A longer answer is, it depends on your recovery configuration, the default setting is fallback to MPP. But you can also configure SPI to auto recover for a couple times, if it keeps failing up to your configured times, it will eventually fallback to MPP.

The backend actually has a more flexable reaction suppport on SPI failure.

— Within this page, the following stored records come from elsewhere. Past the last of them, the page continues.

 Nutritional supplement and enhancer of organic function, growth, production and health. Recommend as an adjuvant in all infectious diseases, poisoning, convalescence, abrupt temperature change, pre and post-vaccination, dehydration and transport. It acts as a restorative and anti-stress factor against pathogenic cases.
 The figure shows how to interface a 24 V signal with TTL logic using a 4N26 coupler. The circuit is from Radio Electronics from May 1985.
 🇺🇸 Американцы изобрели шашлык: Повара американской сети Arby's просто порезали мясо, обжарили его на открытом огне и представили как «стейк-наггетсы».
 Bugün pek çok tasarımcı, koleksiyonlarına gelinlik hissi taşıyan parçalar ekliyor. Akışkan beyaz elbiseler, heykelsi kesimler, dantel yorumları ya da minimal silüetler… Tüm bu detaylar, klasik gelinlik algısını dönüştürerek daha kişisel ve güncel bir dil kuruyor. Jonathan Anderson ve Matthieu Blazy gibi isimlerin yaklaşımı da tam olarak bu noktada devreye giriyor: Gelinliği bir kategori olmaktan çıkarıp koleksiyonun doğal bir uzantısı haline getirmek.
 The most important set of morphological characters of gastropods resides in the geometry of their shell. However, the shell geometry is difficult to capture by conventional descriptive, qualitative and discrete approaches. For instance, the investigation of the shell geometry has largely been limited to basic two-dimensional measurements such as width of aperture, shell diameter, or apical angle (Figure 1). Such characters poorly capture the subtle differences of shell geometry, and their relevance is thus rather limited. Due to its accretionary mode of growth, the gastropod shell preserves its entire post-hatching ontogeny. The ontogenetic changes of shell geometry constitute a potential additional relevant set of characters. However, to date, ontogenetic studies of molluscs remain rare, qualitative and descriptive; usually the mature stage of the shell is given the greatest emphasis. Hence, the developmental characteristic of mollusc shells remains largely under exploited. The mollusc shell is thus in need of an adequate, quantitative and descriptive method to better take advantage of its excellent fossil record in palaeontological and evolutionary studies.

In the future spi-admin release. we may expose more settings, like prevents SPI fallback to MPP.(as if a plugin keeps crashing your SPIs, it may crash your MPP too, you may not want to run it at all to keep your system alive).
If there are slow portlets that takes a lot of time before generate response that slow down a whole page, it's possible to configure max request timeout (so the page it's rendered even if SPI portlets will show an error message) ?
You don't need portal resiliency for that. We have a feature called "server side parallel rendering" for it. In portal.properties, search for properties whose names start with "layout.parallel.render.".
Hello

It sounds very promising but from what I see it doesn't work.

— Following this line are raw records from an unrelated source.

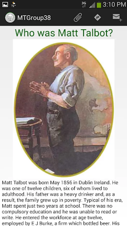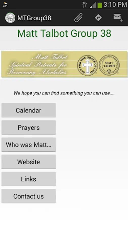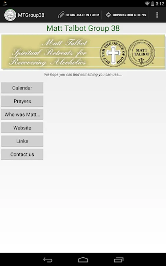 This app provides information resources for Matt Talbot Group 38 members, group affiliates, and anyone else who might be interested in Matt Talbot retreats. Resources include easy access to the Group 38 website, retreat calendar, retreat registration forms, driving directions to the retreat house, and other relevant links. Group members should find this app very useful. Anyone else who might be interested in learning more about Group 38 and its retreats are welcome to use it and reach out to Group 38.
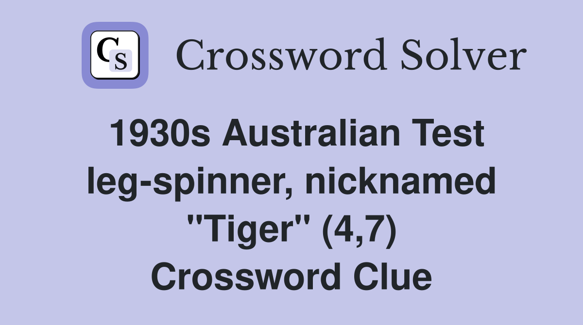 1930s Australian Test leg spinner nicknamed quot Tiger quot (4 7) Crossword
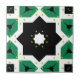 Elegant modern ceramic tile design featuring a seamless pattern made of geometric shapes in emerald green, black and white.
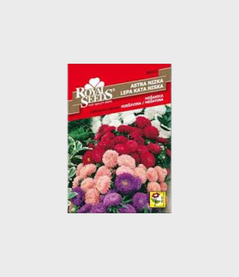 Sjeme astre (Lijepa Kata) Niska Mix od proizvođača Royal Seeds je popularan izbor za uzgoj ukrasnog, jednogodišnjeg cvijeća, cijenjenog zbog svoje raznolikosti boja i kompaktnog rasta, idealnog za obrube i saksije.

I took clean LR 6.2 sp 8 bundled with Tomcat and followed steps in documentation linked above.

First problem I've noticed is rejection of the license by SPI during first startup:

[10581]12:37:24,777 ERROR [localhost-startStop-1][LicenseManager:?] Corrupt license file. Removing license file {productEntryName=Portal Development, startDate=1410904800000, expirationDate=1413496800000, description=30-Day Trial License, maxHttpSessions=10, owner=XXXXXX, licenseEntryName=Portal Developer, productVersion=6.2 EE, type=developer, accountEntryName=Liferay Trial, version=4}
[10581]12:37:24,778 ERROR [localhost-startStop-1][LicenseManager:?] No binary licenses found

Then it throws a lot exceptions starting with:

[10581]12:41:19,181 WARN [localhost-startStop-1][SpriteProcessorImpl:200] Unable to process jndi:/localhost/html/themes/classic/images/ratings/star_off.png
[10581]12:41:24,481 WARN [localhost-startStop-1][SpriteProcessorImpl:200] Unable to process jndi:/localhost/html/themes/control_panel/images/ratings/star_off.png
wrz 22, 2014 12:41:47 PM org.apache.catalina.core.ApplicationDispatcher invoke
SEVERE: Servlet.service() for servlet jsp threw exception
java.lang.IllegalStateException: Page needs a session and none is available
at org.apache.jasper.runtime.PageContextImpl._initialize(PageContextImpl.java:148)
at org.apache.jasper.runtime.PageContextImpl.initialize(PageContextImpl.java:125)
at org.apache.jasper.runtime.JspFactoryImpl.internalGetPageContext(JspFactoryImpl.java:112)
at org.apache.jasper.runtime.JspFactoryImpl.getPageContext(JspFactoryImpl.java:65)
at com.liferay.portal.kernel.servlet.JspFactoryWrapper.getPageContext(JspFactoryWrapper.java:63)
at org.apache.jsp.html.portlet.login.navigation.create_005faccount_jsp._jspService(create_005faccount_jsp.java:420)

Then it gets even more bizarre. When I try to go to the test page created earlier (http://localhost:8080/web/guest/test) I'm redirected to http://localhost:8080/c/portal/license which shows that I have valid 30-day trial license. I can't get to the test page in any way. The page was created before installation of Portlet Sandbox. It contains only "calendar" portlet which I selected to be running on SPI. My suspicion is that SPI thinks there is no license and redirects me to license info page. But MPI has valid license.

When I stop SPI the page is accessible.

On the next start of SPI it logs no license:

[10581]13:15:07,283 ERROR [localhost-startStop-1][LicenseManager:?] No binary licenses found

And the test page is inaccessible.

Can you help me with this?

Regards
Michał
Looks very interesting. However, I'm having an issue after configuring the SPI, during the startup.

Caused by: java.rmi.ConnectException: Connection refused to host: 10.14.151.177; nested exception is:
...
com.liferay.portal.kernel.resiliency.spi.remote.RemoteSPIProxy.init(RemoteSPIProxy.java:121)
at com.liferay.portal.resiliency.spi.service.impl.SPIDefinitionLocalServiceImpl.startSPI(SPIDefinitionLocalServiceImpl.java:238)
... 38 more

It tries to connect using my first IP adresse (10.14.151.177) rather than localhost or 127.0.0.1. Is there a way to configure this?